In general, the Army was extremely reluctant to let men go entirely during the war, if some use could be made of them. If a man could no longer serve at the front (or was deemed unfit to do so in the first place), then transfer to a Labour Corps (LC) unit was a common option. The LC performed a number of important supply and logistics functions. There were for example various agricultural companies that helped with farming tasks such as bringing in the harvest, as well as railway building / repair units.

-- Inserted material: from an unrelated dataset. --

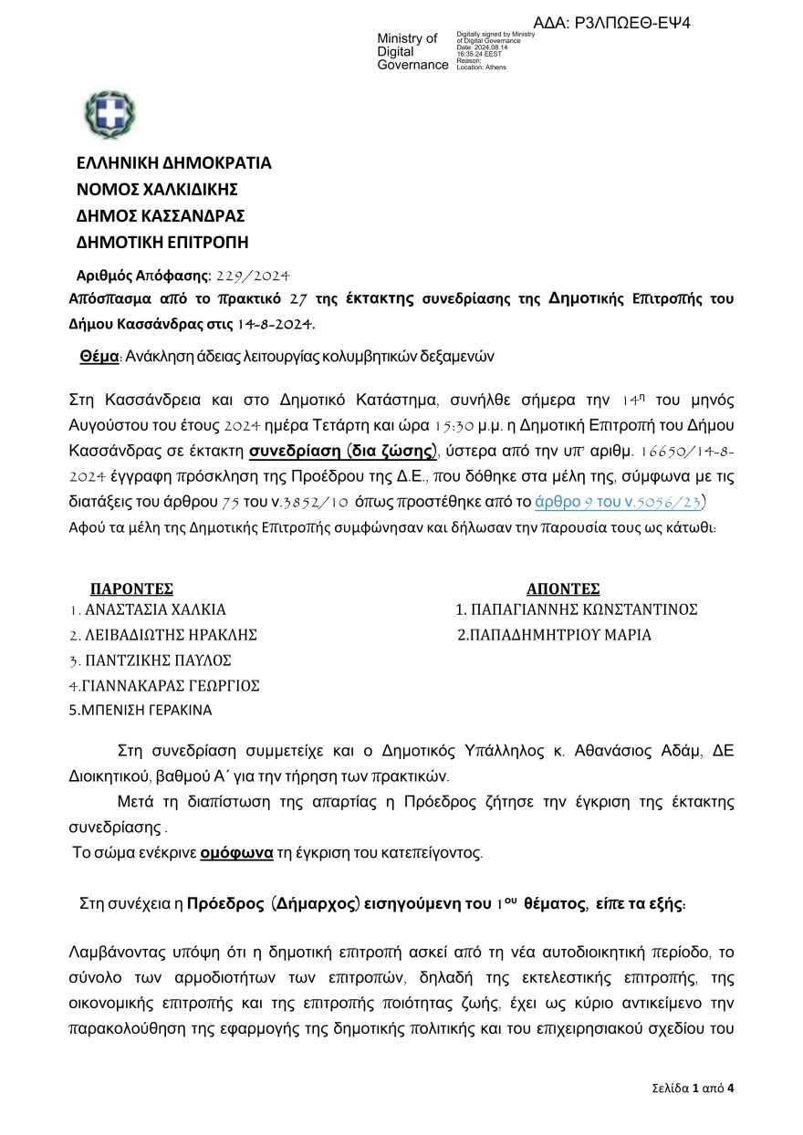 Υπενθυμίζεται ότι ο Δήμος Κασσάνδρας είχε εκδώσει άδειες λειτουργίας για τις δύο πισίνες της συγκεκριμένης κατασκήνωσης τον Αύγουστο του 2022. Στη σημερινή (Τετάρτη 14/08) έκτακτη συνεδρίαση, αποφασίστηκε η ανάκληση των αδειών λειτουργίας, καθώς διαπιστώθηκε ότι έχουν αλλάξει τα δεδομένα βάσει των οποίων είχαν εκδοθεί οι άδειες.

In general, it may be presumed that the Army tried to move men out of reserve/training units such as the 2/1st and 3/1st ERY as soon as possible, preferably into a combat theatre. Many of the men left in these units would most likely have been physically unfit, some possibly with long term health issues, others the legal age for active military service or too old for such. A number of the officers of the reserve units were men who had served at the front, been wounded and were evidently unable to return to a combat role. These units did perform valuable functions such as coastal defence of the UK and they freed up fitter and healthier individuals to go to active fronts.
No detailed sickness records have survived for the East Riding Yeomanry. During the war it is likely that daily records would have been compiled at the main camp (for the 1/1st ERY who were in the field) and at the various depots back in the UK (Walton Street barracks in Hull, Fulford barracks etc.) associated with the regiment.
There are a few references in the ERY's war diaries to sickness absence, though these tend to relate to individual officers who had either gone to (or were returning from) hospital. The main exception is a reference in early 1917 to a major outbreak of bilharzia (a severe water borne parasitical infection), which had been discovered in up to 40 ERY soldiers serving in Egypt/Palestine. This included several Sergeants. The majority of them would have been in hospital for a lengthy spell, as treatment of this condition was not straightforward at this period.
The main sources of data on sickness within the ERY are as follows:
- Service/pension records for individual soldiers often contain details of illnesses and treatments, as well as noting discharge from the Army where a return to duty was not possible. It would have been general practice for the service record to have included the precise Army regulation under which a soldier was discharged sick or unfit. The most common one seen is KR (King's Regulations) paragraph 392 XVI.
- Silver war badge records note the date a soldier was discharged and the regulation under which he was released from military service.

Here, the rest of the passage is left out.